One of the criteria for classifying water in terms of drinking is the Schoeller classification. According to Schoeller classification in Abbas Ali Faraj Pour and Mohammad Ali springs water class (except for calcium which is bad) in all cases is in the good to acceptable range, and Abkar spring is in the category of unsuitable (for calcium) but in all other cases is in the category of good and acceptable, and the springs of Agha Seyed Javad tomb and Nazar Mahaleh (except for calcium which is drinkable in emergency situations) are in the good and acceptable category in terms of drinking. According to the Gibbs diagram, West Rasht springs are mainly located in the area where the rock process is predominant. This represents the interaction between the chemistry of the rock and the chemistry of the rainwater that has penetrated into the ground. To determine the level of pollution of water resources in terms of the presence of heavy metals, the Metal Index (MI) is used to assess the ability to drink and the Heavy Metal Pollution Index (HPI) to examine the effect of heavy elements on human health. If the values obtained for MI were less than one, the water would be drinkable; if the MI were more than one, the water would be non-drinkable and if it were equal to one, it would be at risk (Tamasi et al. 2004). According to the results, all MI springs are less than one and so drinkable. If the HPI were higher than 100, the water would be contaminated with heavy metals; if the HPI were equal to 100, the water would be at risk of heavy metal contamination; and if the HPI were less than 100, the water would not be contaminated with heavy metals.
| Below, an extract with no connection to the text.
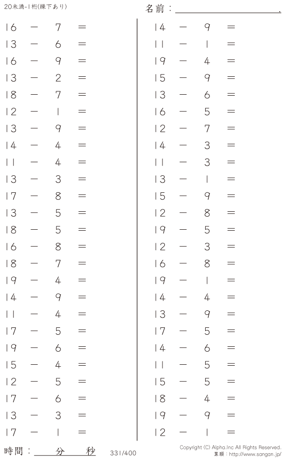 上記のボタンから「20未満の2桁-1桁」の算数数学ドリル・計算ドリル(PDFプリント)がダウンロードできます。個人利用は無料です(家庭以外での配布は有料です)。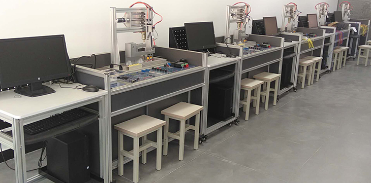 單片機控制功能實訓考核裝置采用烤漆鋼板制作的臺式結(jié)構(gòu)。實訓臺的抽屜柜用于存放實訓模塊,抽屜柜與臺面之間布置實訓模塊安裝支架,最上一層是工作臺臺面。用于技能競賽時在臺面上放置設備安裝底板,在底板上安裝試題擬定的單片機控制裝置需要的模塊,連接控制電路,編寫的控制程序輸入單片機后,按下運行指令開關(guān),單片機控制裝置就按程序運行。

By calculating the Heavy Metal Contamination Index (HPI), none of the studied sources are contaminated with heavy metals.
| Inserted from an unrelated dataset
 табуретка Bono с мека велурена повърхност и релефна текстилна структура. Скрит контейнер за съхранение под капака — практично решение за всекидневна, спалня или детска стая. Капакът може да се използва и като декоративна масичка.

1- The position of hydrogeochemical data of springs in the western region of Rasht on the piper diagram indicates the presence of three different hydrogeochemical types including type (Ca-Cl), (Ca-HCO3) and type (Ca-SO4) in the studied springs.
2- According to Durov diagram, the amount of TDS in the spring of Mohammad Ali Abbast (M3) is the lowest and the spring of the tomb of Agha Seyed Javad (M4) is the highest.
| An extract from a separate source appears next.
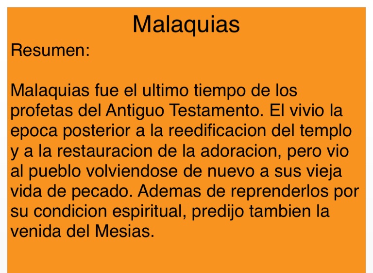 Malaquias fue el ultimo tiempo de los profetas del Antiguo Testamento. El vivio la epoca posterior a la reedificacion del templo y a la restauracion de la adoracion, pero vio al pueblo volviendose de nuevo a sus vieja vida de pecado. Ademas de reprenderlos por su condicion espiritual, predijo tambien la venida del Mesias.

3- According to the Stiff diagram, the groundwater of the region is abundant in the groups of calcium bicarbonate (and calcium sulfate and calcium chloride, respectively).
4- According to Schoeller diagram, all the studied springs are in good to acceptable range in terms of drinking (except for calcium).
5- Except for springs M1 and M5 with BOD more than 5 ppm (water purity is doubtful), other springs with BOD less than 5 ppm comply with Schoeller and 1053 standard of Iran and WHO and are pure water.
6- Except for spring M3, which is free of coliforms due to fecal coliform feces, all other four springs have fecal origin water pollution and all springs have bacteria originating from sewage and are placed in unsatisfactory water class.
7- According to Iranian standards, all springs are within the permitted range, but according to WHO, Abkar spring, except for chlorine ions, comply with other cases, and other springs comply with WHO standards and are within the permitted range.